[[ Data block, beginning ]]

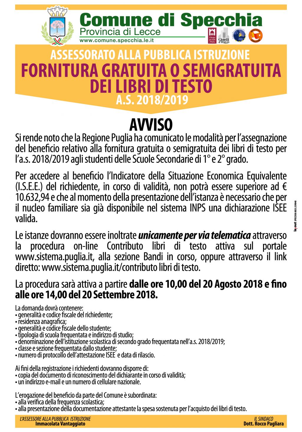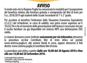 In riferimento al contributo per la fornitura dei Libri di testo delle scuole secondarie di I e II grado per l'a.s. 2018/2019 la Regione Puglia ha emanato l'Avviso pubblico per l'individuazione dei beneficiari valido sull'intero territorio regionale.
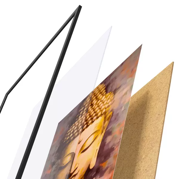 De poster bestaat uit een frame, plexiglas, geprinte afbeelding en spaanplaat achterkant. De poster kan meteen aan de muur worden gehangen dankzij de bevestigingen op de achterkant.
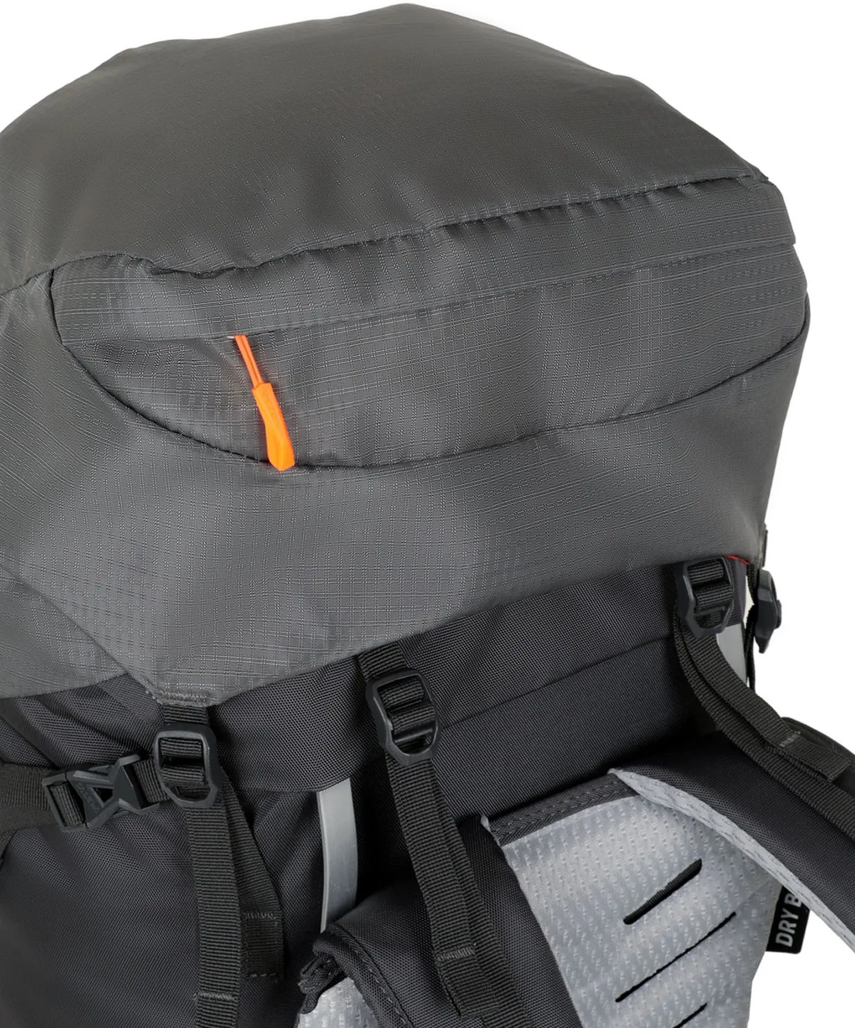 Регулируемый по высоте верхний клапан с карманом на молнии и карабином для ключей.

[[ Data block, end ]]

Both the line containing "De poster bestaat" and the last line of the listing above belong in the copy, along with every line between them; retype them exactly and omit the pictures.

*Exercise result*
 De poster bestaat uit een frame, plexiglas, geprinte afbeelding en spaanplaat achterkant. De poster kan meteen aan de muur worden gehangen dankzij de bevestigingen op de achterkant.
 Регулируемый по высоте верхний клапан с карманом на молнии и карабином для ключей.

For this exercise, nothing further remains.